Thomas Van Rensallaer, editor
of the Ram's Horn, may likewise be adduced as evidence of considerable intellect
existing in the Negro race; as also M. R. Delany, joint editor of the North
Star. In the Anti-Slavery
Convention of 1843, Dr. Lushington stated that Lord John Russell had appointed a
Black Man to the office of Chief Judge at Sierra Leone.*
The Wesleyan minister of
Parham, in Antigua, (Edward Frazer, who has visited England,) is a man of
Colour; he was born a Slave in Bermuda. His history is remarkable. He is not
inferior either in education, qualifications, or usefulness, to any of his
brethren in the ministry. **
"I know a Coloured man," says
Hiram Wilson, "in the State of New York, who has been employed by the
Anti-Slavery Society as a public lecturer; and from information I have received,
it appears that he was one of the most popular lecturers they had in the field.

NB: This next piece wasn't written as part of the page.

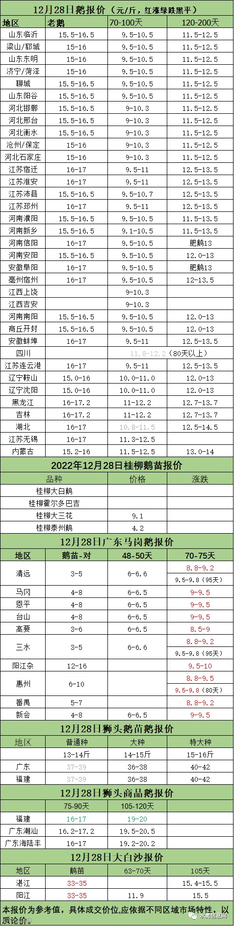 2022年12月28日鹅种蛋价格(元/枚)部分停报

He is jet black--of unmixed African blood. I mention this, because it is
sometimes said, that, by virtue of a little European blood flowing in their
veins, they are brighter, and more talented. But this man is so distinguished,
so renowned for his virtues, his intelligence, and his talents, that he has been
installed as the pastor of a White congregation--a Presbyterian church in New
York, for nearly three years."***
George B. Vashon, a talented
young Coloured gentleman was recently admitted, after due examination, as
Attorney, Solicitor, and Counsellor of the Supreme Court of the State of New
York. On his examination. he evinced a perfect knowledge of the rudiments of
law, and a familiar acquaintance with Coke, Littleton, Blackstone, and Kent.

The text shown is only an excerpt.